According to the rating agency, these Rs 28,000 crore worth of solar power capacities include 5,500 MW of projects bid out in the past nine months at very low tariffs of Rs 2.75 per unit or less.
These projects are in the early phase of implementation and unlikely to have bought solar modules, orders for which are typically placed 9-12 months after bids are won, it said.
According to the agency, solar modules account for 55-60 per cent of the project cost of a solar plant, which is typically Rs 5 crore per MW.
"Today, over 90 per cent of them are imported. Our analysis shows that for every 10 per cent drop in the rupee, the cost of setting up a solar power plant increases by Rs 30 lakh per MW, assuming other factors remain unchanged," said Subodh Rai, senior director, Crisil Ratings.
The rating agency further noted that developers typically do not hedge the exchange rate before placing orders for modules and therefore, what was anticipated for bidding at low tariffs and has also worked for the developers is the fall in module prices.
The module prices have fallen by 17 per cent for these projects from 0.30 dollar per watt at the time of their bidding to around USD 0.25 per unit at present, a benefit of nearly Rs 34 lakh per MW, it said.
"But the arithmetic did not countenance a sharp depreciation in the rupee to more than Rs 73 per dollar, which has wiped off the gains from lower module prices. That, in turn, will compress the debt servicing cushion available for these projects," the agency added.
For future projects, another risk according to Crisil is the levy of safeguard duty on imported solar modules of 15-25 per cent for two years, with effect from July 30.
Apart from this, the decision to implement the duty will depend on the verdict of the Odisha High Court, which is hearing a petition by developers, it said.
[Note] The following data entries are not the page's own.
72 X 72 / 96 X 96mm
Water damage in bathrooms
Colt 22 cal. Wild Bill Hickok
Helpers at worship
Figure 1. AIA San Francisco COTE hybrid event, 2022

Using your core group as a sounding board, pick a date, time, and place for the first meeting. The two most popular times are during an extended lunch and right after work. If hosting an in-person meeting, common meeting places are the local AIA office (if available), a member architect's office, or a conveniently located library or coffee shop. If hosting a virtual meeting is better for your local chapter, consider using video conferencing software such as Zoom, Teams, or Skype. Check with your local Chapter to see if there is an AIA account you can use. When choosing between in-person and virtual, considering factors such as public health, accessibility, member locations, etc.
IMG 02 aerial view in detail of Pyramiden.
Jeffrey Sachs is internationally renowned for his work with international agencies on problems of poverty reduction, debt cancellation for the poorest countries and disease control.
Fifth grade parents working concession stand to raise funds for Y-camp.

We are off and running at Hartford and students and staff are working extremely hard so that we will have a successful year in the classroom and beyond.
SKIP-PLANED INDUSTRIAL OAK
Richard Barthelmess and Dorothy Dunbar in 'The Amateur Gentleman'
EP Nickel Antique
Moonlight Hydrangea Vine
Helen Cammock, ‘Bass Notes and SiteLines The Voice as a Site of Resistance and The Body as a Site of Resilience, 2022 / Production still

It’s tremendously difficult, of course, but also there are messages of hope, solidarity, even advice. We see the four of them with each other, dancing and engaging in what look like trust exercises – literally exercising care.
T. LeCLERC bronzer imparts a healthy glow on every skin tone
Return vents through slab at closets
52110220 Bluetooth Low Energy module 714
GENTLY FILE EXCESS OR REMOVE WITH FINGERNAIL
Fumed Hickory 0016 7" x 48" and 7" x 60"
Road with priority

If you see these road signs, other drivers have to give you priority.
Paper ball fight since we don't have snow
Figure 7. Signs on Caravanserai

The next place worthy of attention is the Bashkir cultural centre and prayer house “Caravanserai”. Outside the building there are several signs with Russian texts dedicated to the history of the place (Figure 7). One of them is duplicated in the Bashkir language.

"If the rupee remains weak and safeguard duty is also levied, project costs would dart up by as much as 20 per cent. In such a situation, viable tariff for future projects will have to be higher by 30 paise per unit," said Manish Gupta, director, Crisil Ratings.
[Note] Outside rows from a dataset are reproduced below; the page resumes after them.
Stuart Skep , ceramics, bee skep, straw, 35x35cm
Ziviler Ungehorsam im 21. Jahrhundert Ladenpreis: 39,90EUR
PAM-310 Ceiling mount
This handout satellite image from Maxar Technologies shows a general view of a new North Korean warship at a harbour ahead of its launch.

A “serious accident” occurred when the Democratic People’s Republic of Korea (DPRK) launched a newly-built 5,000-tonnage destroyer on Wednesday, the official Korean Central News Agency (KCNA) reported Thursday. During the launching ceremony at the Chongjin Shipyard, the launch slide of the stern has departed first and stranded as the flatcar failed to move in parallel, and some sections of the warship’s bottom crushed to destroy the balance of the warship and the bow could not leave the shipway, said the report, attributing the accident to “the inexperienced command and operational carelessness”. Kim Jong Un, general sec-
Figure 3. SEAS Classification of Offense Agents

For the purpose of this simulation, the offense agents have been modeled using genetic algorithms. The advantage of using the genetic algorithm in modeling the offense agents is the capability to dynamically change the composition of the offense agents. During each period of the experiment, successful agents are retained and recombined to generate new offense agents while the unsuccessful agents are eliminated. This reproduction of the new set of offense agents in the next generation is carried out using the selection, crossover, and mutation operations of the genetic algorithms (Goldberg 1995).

He noted that this would impact the government's target of setting up 100 GW solar capacity by FY22 because discoms would balk at buying renewable power at higher tariffs.
Moreover, Gupta said, lenders could also turn cautious to finance projects at a tariff of less than Rs 3 per unit due to their slim debt service parameters.
However, he said financially strong developers may be able to manage the risk to some extent by prudently funding projects with lower external debt component and bringing efficiencies in the operation and maintenance cost per MW because of scale and ability to negotiate with vendors.